Fêtes Vénitiennes pour le Festival Mars en Baroque au Théâtre de la Criée à Marseille
Les
folies de l’amour volage charment le Vieux-Port de Marseille
Depuis
2002, la musique baroque prend possession de Marseille avec son Festival Mars en Baroque. Son directeur artistique, Jean-Marc Aymes,
et son Ensemble Concerto Soave interprètent ce soir, au Théâtre de
la Criée, un bel aperçu de l’opéra-ballet Les Fêtes vénitiennes d’André Campra (1660-1744), sur un livret
d’Antoine Danchet. Créée avec grand succès le 17 juin 1710 au
Théâtre du Palais-Royal, l’œuvre se présente en un Prologue et
trois entrées où l’Amour profite du triomphe de la Folie sur la
Raison, en ce temps du Carnaval, pour inciter les jeunes vénitiens à
l’amour volage. Ce soir, la version de concert ne fait pas entendre
l’œuvre dans son intégralité (ôtant des scènes que seules la
mise en scène et les danses imposent) et l’ordre des entrées est également modifié. Malgré les coupures et adaptations, l’auditeur sent
tout de même que cette musique est d’abord écrite pour la scène
et le ballet : les intrigues de chaque entrée sont courtes et s'enchaînent sans le repos des divertissements dansés, l'attention est fort sollicitée par la
compréhension du texte et des différentes situations amoureuses,
dont le seul lien dramaturgique est leur localisation, à
Venise.
Ce sont dès lors les caractères baroques qui servent de repères dramaturgiques, à commencer par la figure de la Folie, incarnée (tout comme Léonore et Lucile) par la soprano Lise Viricel, délicieuse par la fraîcheur et la légèreté de son timbre, sa présence aux aspects innocents mais sûre, avec un soin très appréciable dans la diction.
Le baryton Romain Bockler endosse les rôles des vaillants héros charmeurs, le Carnaval, le chef des saltimbanques Filindo et Leandro. Assuré, il ne fait pas défaut de présence scénique, tout en déployant un timbre d’une belle rondeur (notamment dans les graves), mais qui semble encore davantage travaillé que facile (la fluidité des phrasés pourrait ainsi croître en séduction).
Co-fondatrice de l’Ensemble Concerto Soave, ici la Raison, la surveillante Nérine et Isabelle, la soprano María Cristina Kiehr est plus expérimentée que ses collègues de scène, ce qui s'apprécie dans sa présence scénique et la sincérité de son interprétation. À l'inverse, sa voix ne parait pas avoir la même forme que ses jeunes camarades, moins sûre de placement, parfois limite en terme de justesse, et au texte souvent difficile de compréhension.

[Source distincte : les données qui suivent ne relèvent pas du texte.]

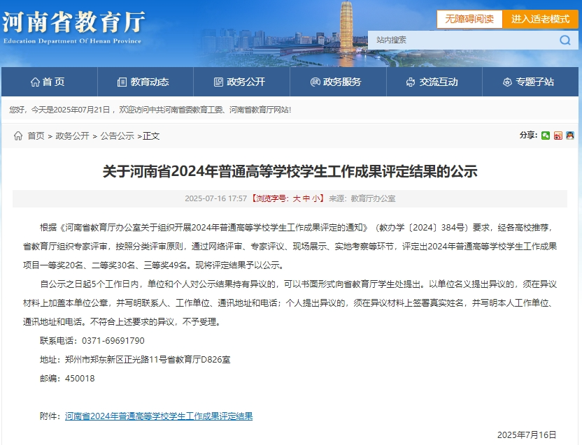 近日,河南省教育厅公布《关于河南省2024年普通高等学校学生工作成果评定结果的公示》。yl7703永利官网申报的《让每个生命如花绽放——“2N2”心理育人新模式》项目荣获"二等奖"。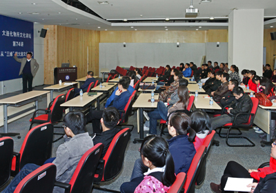 杜輝旁征博引,語言幽默詼諧,從古樸厚重的古城西安,講到博大正統的北京城,再到奢華精致的大上海,通過對比,杜輝提出了大連與眾不同的城市文化特色——明快而務實。而后,他又從“三緣”即業緣、史緣、地緣三個方面及大連“三民”文化,即殖民、移民、漁民,對大連的文化產業成就及問題進行了深刻地剖析。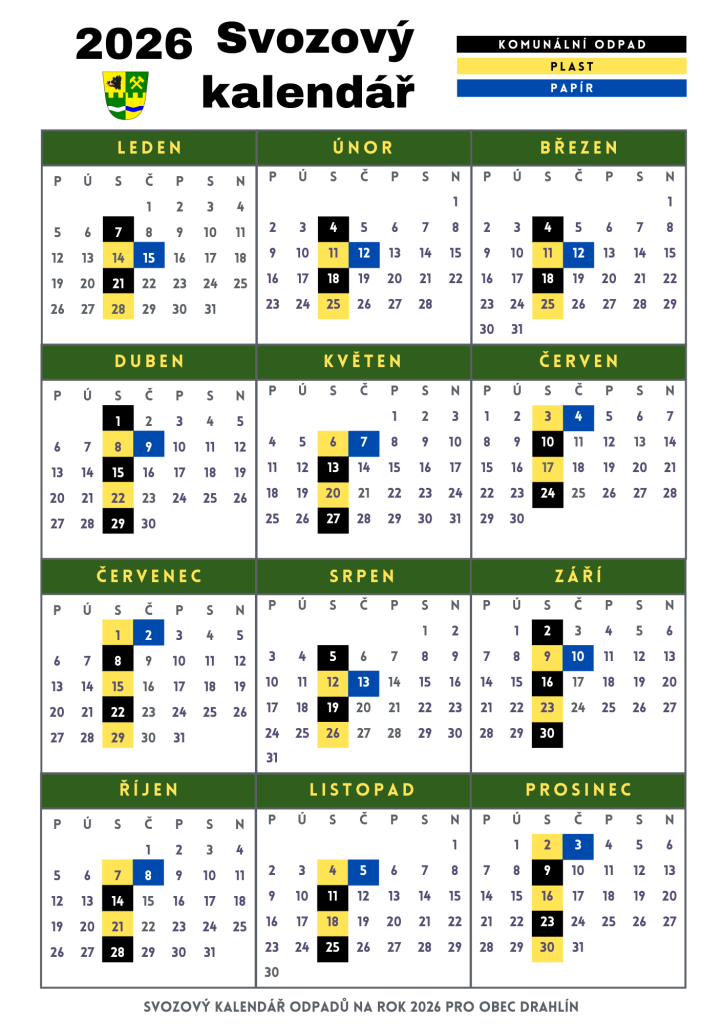 Sdílený kalendář svozu odpadu na rok 2026 ZDE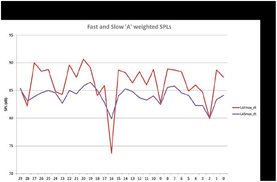最模糊的红色曲线显示最大均方根(RMS)每1秒样本时期获取一次声压级值。(正在整合的样本在125毫秒的时间内,等于声级计上的“快速”读𬮿。)在这种情况下,平均最大值为86dBA,而记录的最大值是91dBA。换句话说,300个样本中的一个达到91dBA。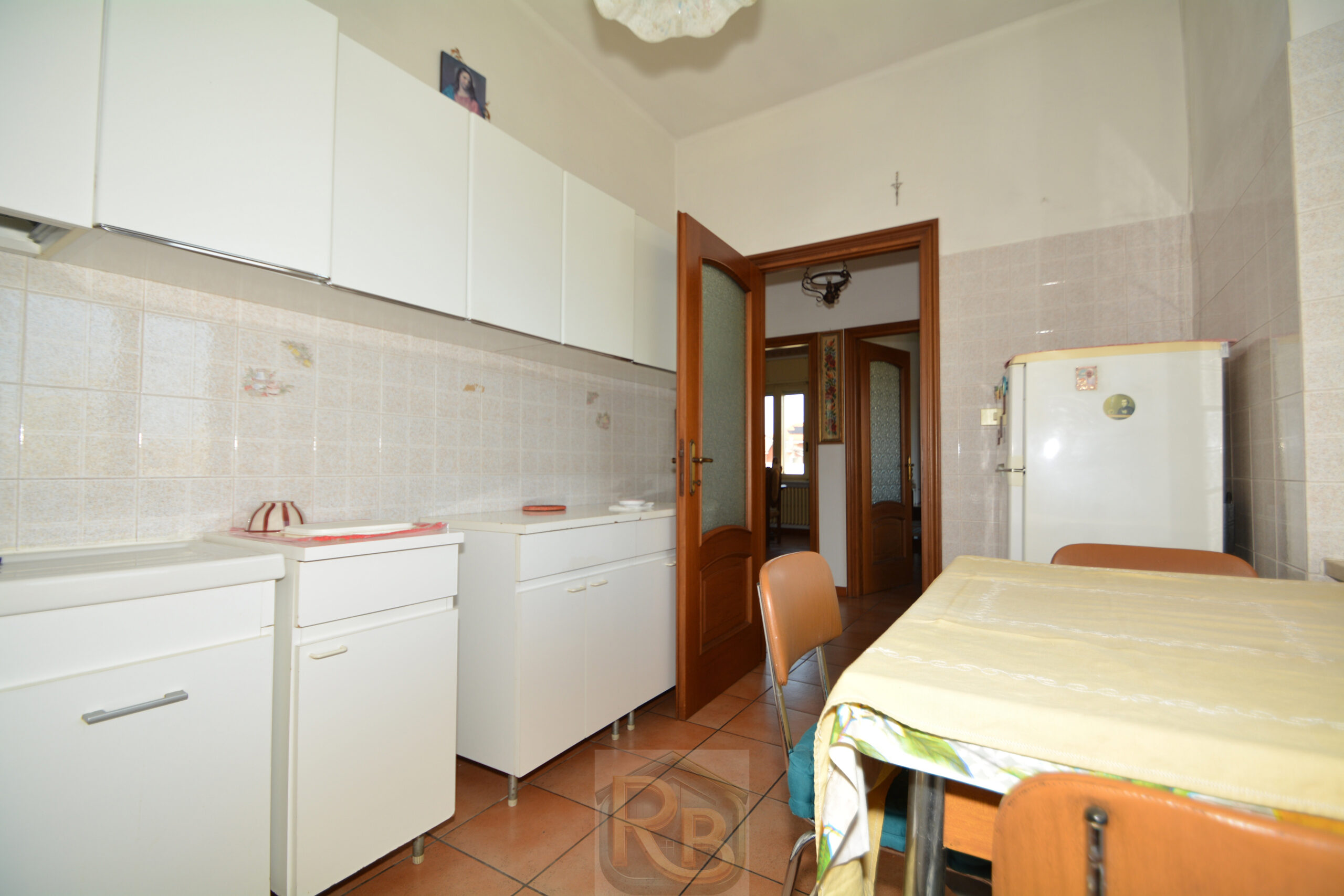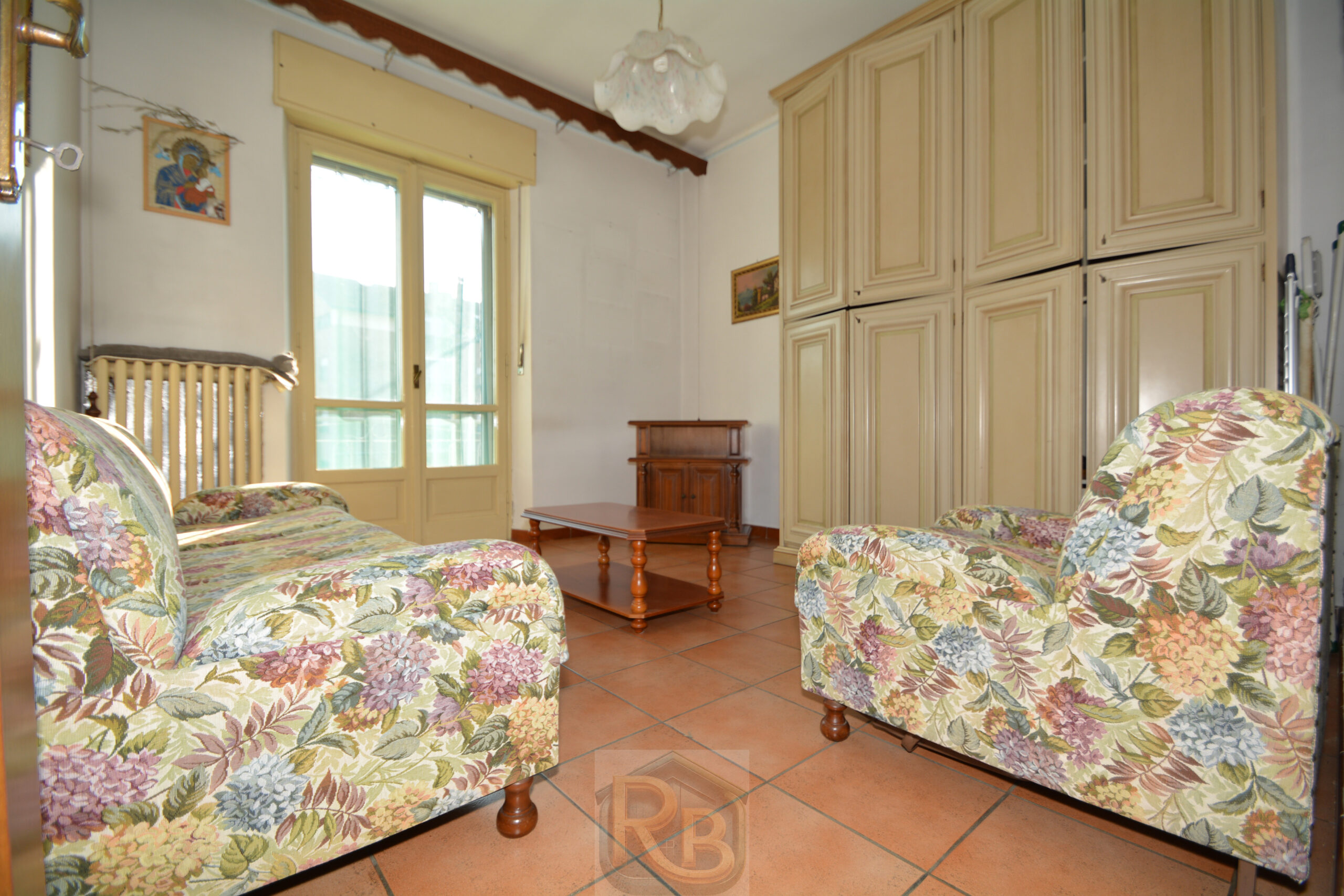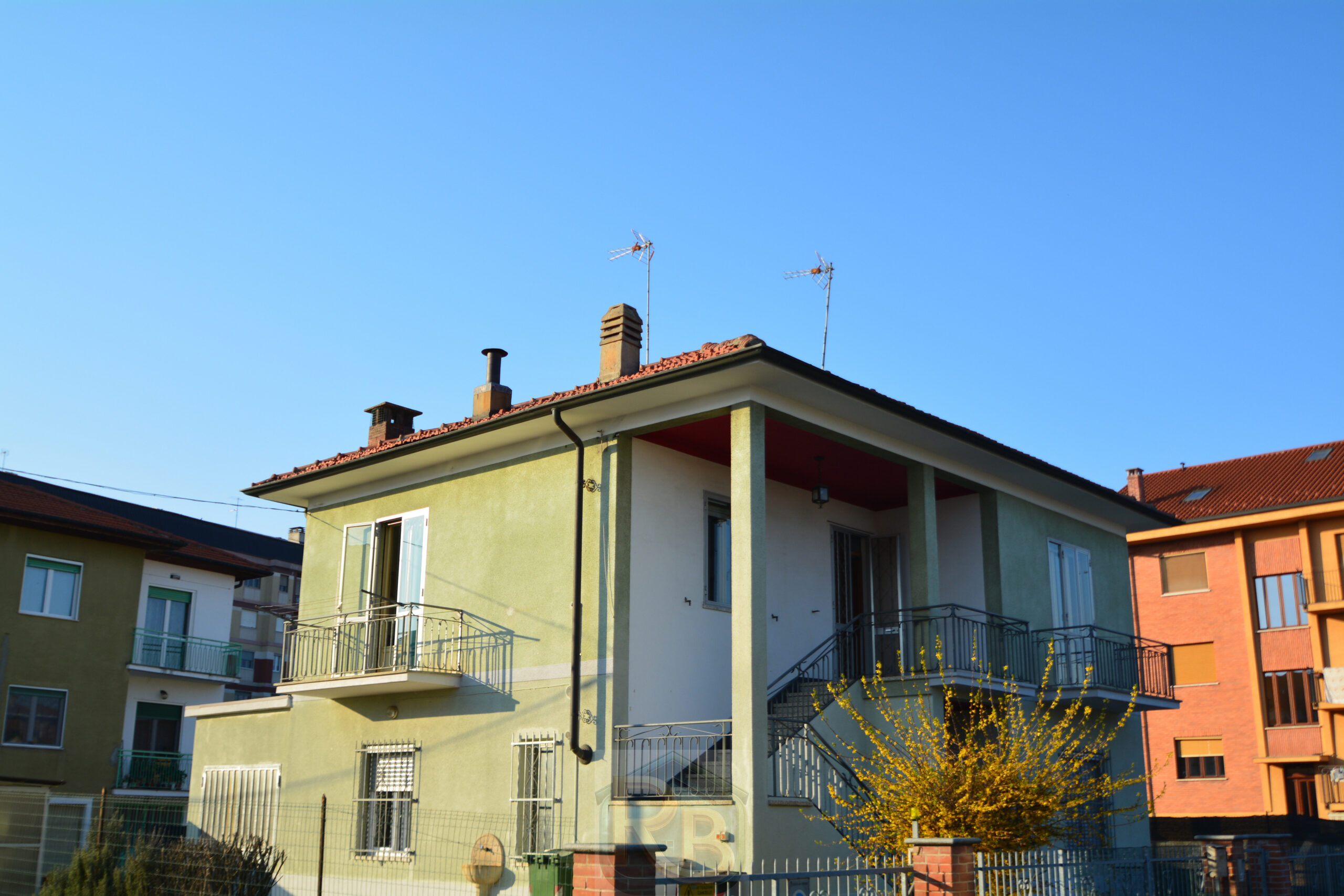 A Chieri, nelle vicinanze dei centri commerciali, appartamento in villetta bifamigliare, sito al 1° piano, composto da ingresso da terrazzino su disimpegno, cucina abitabile, soggiorno, 2 camere e bagno con doccia. Al piano terreno ampio ripostiglio nel sottoscala e locale di circa 10 mq. con la caldaia a metano da usare come deposito/cantina comodo anche per rimessa per biciclette o motorini. Cortile e giardino privati per un totale di circa 200 mq. con piccolo box. Lo stato generale del fabbricato è buono e l’appartamento, che ha subito una ristrutturazione agli inizi degli anni ’90, può essere subito abitato. Il riscaldamento è autonomo e non ci sono spese condominiali.

Le ténor anglais Sean Clayton montre un admirable travail quant à la langue, dont se ressentent les efforts de diction, soutenus par sa voix chaleureuse. L’Amour malicieux sur scène (et Irène depuis un balcon) est un bonheur réservé à la dernière partie, par la jeune soprano Alice Duport-Percier. Elle sait capter l’attention du spectateur par la luminosité de sa voix, la clarté de ses vocalises et de sa diction. Malheureusement, les parties du contre-ténor Sylvain Manet (notamment d’Eraste), sont tout juste situées à son passage entre voix de tête et voix de poitrine. Ce registre incertain qui n'est pas le sien, perturbe constamment son discours et son assurance vocale par l'hétérogénéité de timbres.
Pour l’accompagnement, les chanteurs peuvent compter sur les musiciens du Concerto Soave, qui savent insuffler un mouvement constant dans cette musique vivante. Cette vie est présente autant lors des interludes instrumentaux que lors des parties chantées, dans une grande attention envers l’équilibre avec les chanteurs. L’équilibre, l’homogénéité et la précision sont d'autant plus à saluer dans cette acoustique d’une salle de théâtre, très sèche pour de la musique. L’exigence et la confiance de Jean-Marc Aymes, qui impulse avec assurance et simplicité quelques départs depuis son clavecin, permettent assurément cette qualité, comme la cohésion et la direction du discours musical sont menées par Marie Rouquié, premier violon.